Provided material -
____
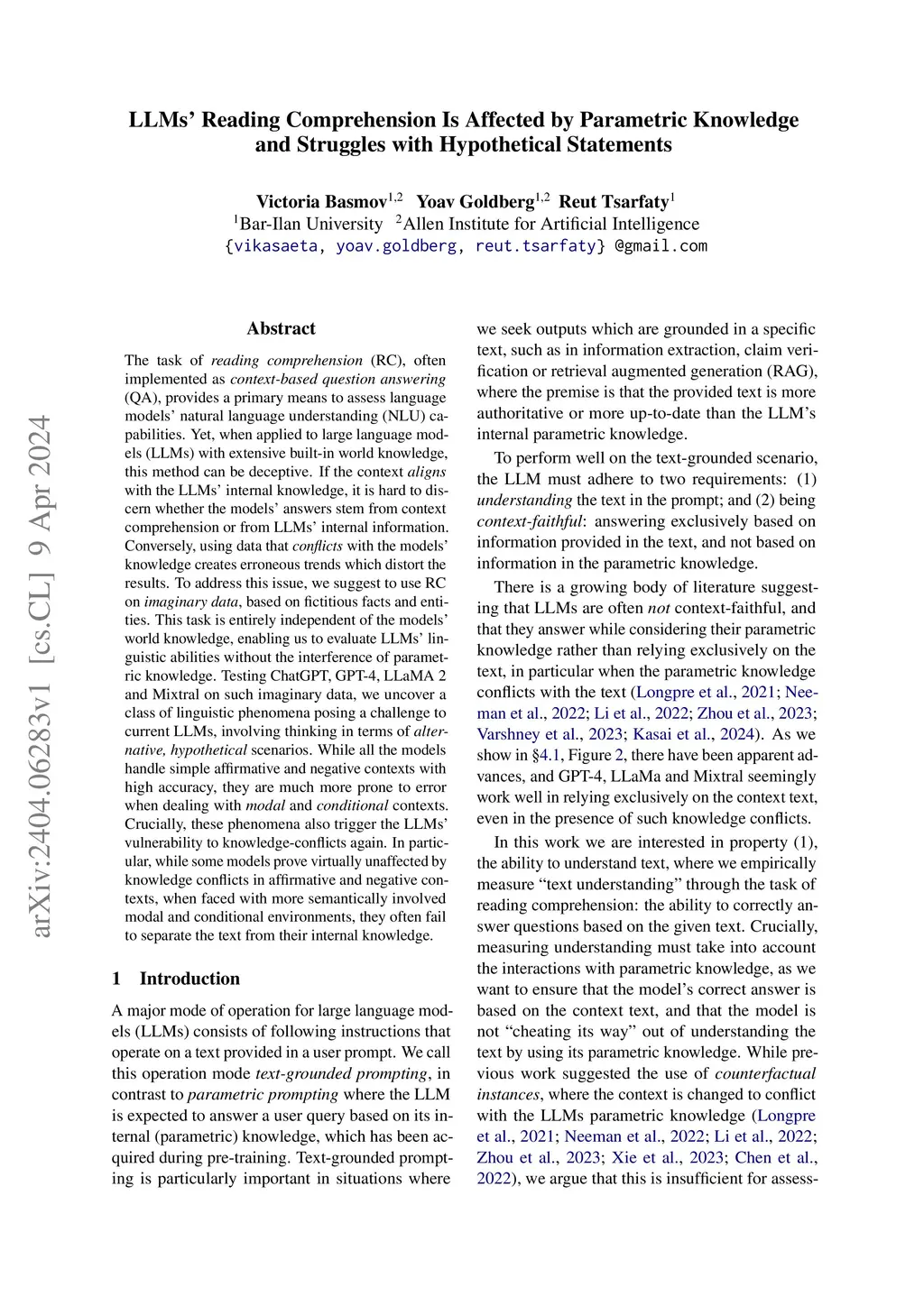 The task of reading comprehension (RC), often implemented as context-based question answering (QA), provides a primary means to assess language models' natural language understanding (NLU) capabilities. Yet, when applied to large language models (LLMs) with extensive built-in world knowledge, this method can be deceptive. If the context aligns with the LLMs' internal knowledge, it is hard to discern whether the models' answers stem from context comprehension or from LLMs' internal information. Conversely, using data that conflicts with the models' knowledge creates erroneous trends which distort the results. To address this issue, we suggest to use RC on imaginary data, based on fictitious facts and entities. This task is entirely independent of the models' world knowledge, enabling us to evaluate LLMs' linguistic abilities without the interference of parametric knowledge. Testing ChatGPT, GPT-4, LLaMA 2 and Mixtral on such imaginary data, we uncover a class of linguistic phenomena posing a challenge to current LLMs, involving thinking in terms of alternative, hypothetical scenarios. While all the models handle simple affirmative and negative contexts with high accuracy, they are much more prone to error when dealing with modal and conditional contexts. Crucially, these phenomena also trigger the LLMs' vulnerability to knowledge-conflicts again. In particular, while some models prove virtually unaffected by knowledge conflicts in affirmative and negative contexts, when faced with more semantically involved modal and conditional environments, they often fail to separate the text from their internal knowledge.
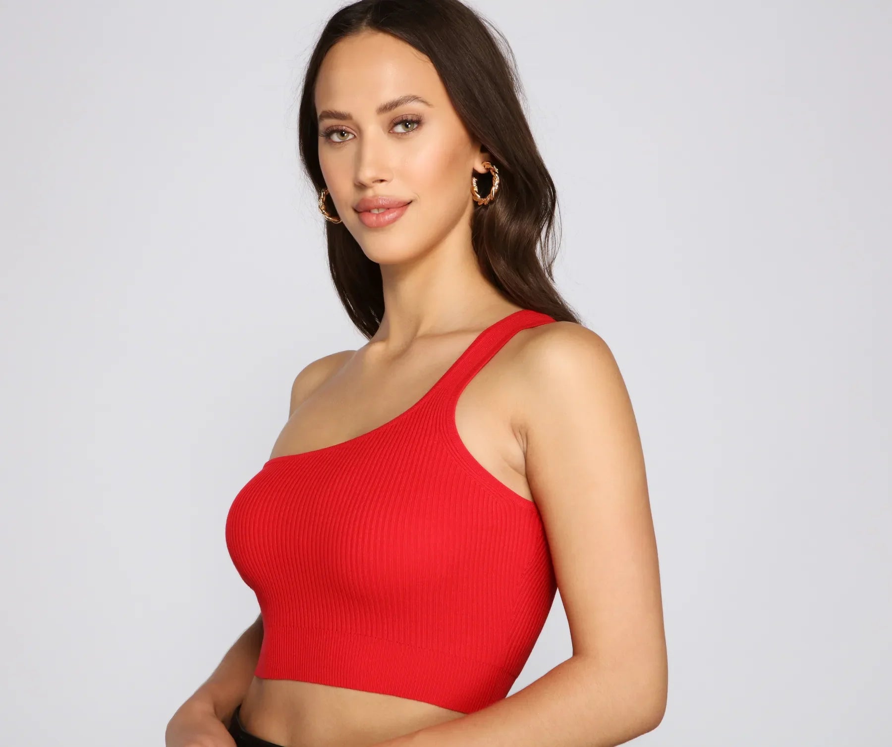 Keep it effortlessly chic with a cute crop top! The crop top features a one-shoulder neckline, supportive-tank shoulder strap, and a cropped hem. The top is composed of a ribbed knit fabric that offers a form hugging fit with a moderate stretch. Complete look with a high waist skirt.
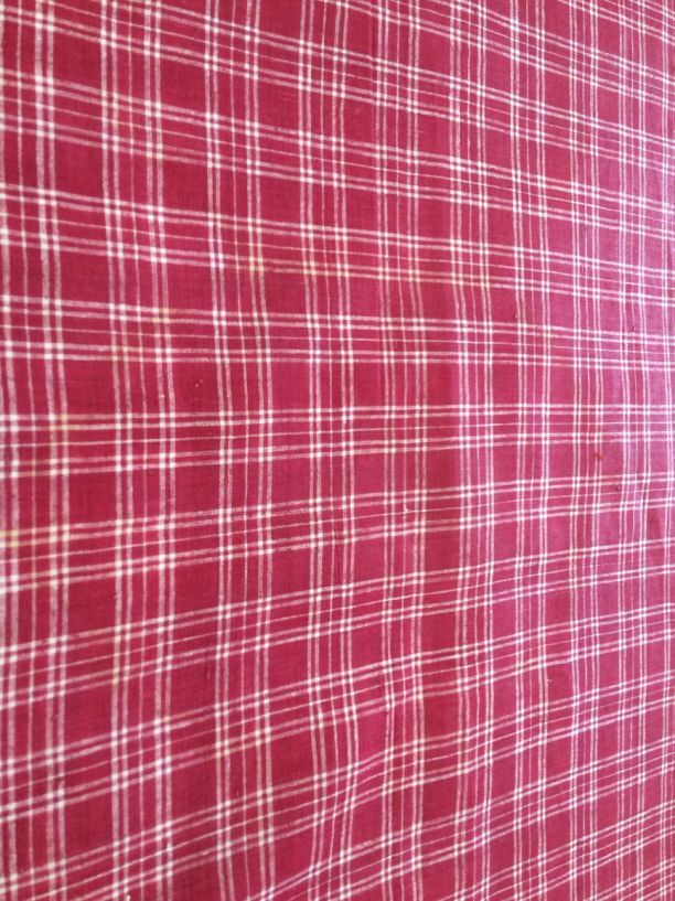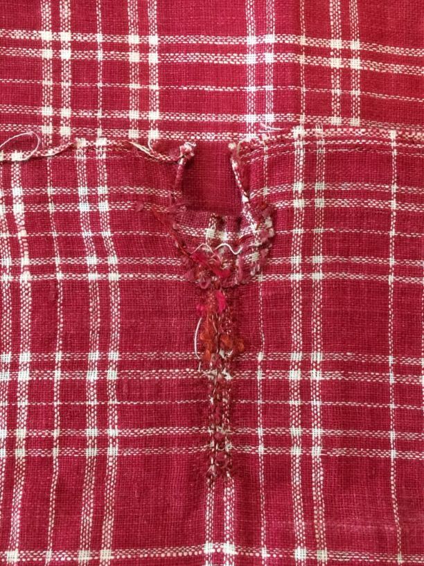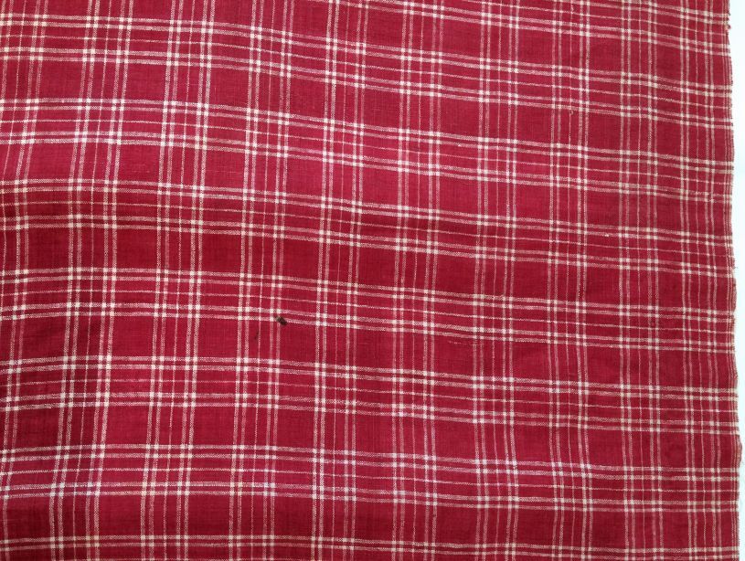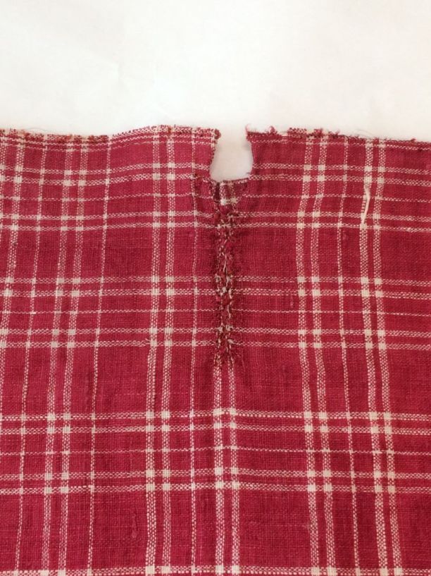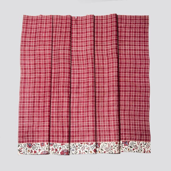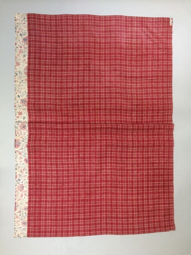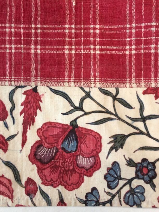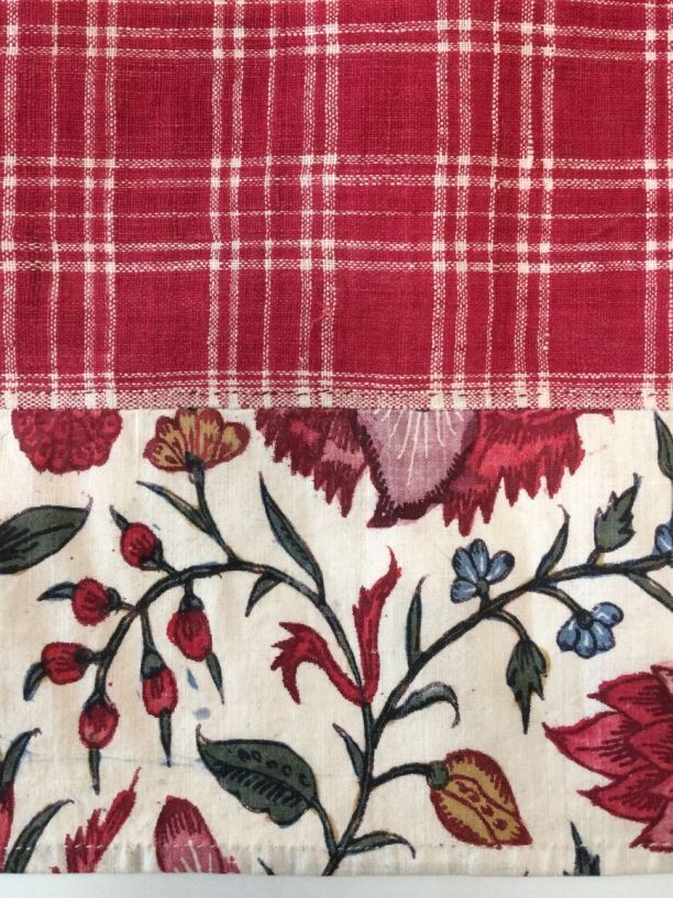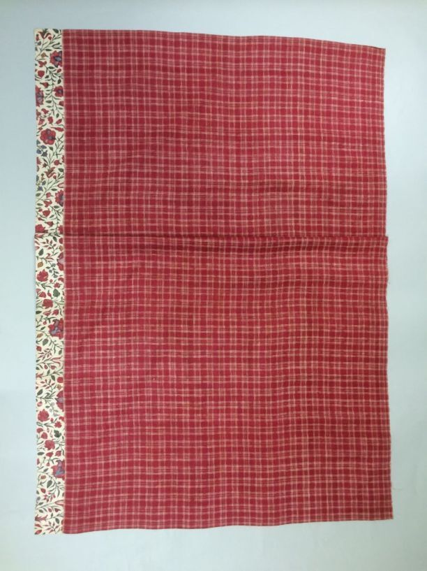 Schort van bont van het staal Pioenede mei blauw (rood), met sitsen zoomrand
____
What you are asked to do -
What you output must be exactly the lines from the line with "Keep it effortlessly" through the last line of the listing, pictures excluded.

Reply to the exercise -
 Keep it effortlessly chic with a cute crop top! The crop top features a one-shoulder neckline, supportive-tank shoulder strap, and a cropped hem. The top is composed of a ribbed knit fabric that offers a form hugging fit with a moderate stretch. Complete look with a high waist skirt.
 Schort van bont van het staal Pioenede mei blauw (rood), met sitsen zoomrand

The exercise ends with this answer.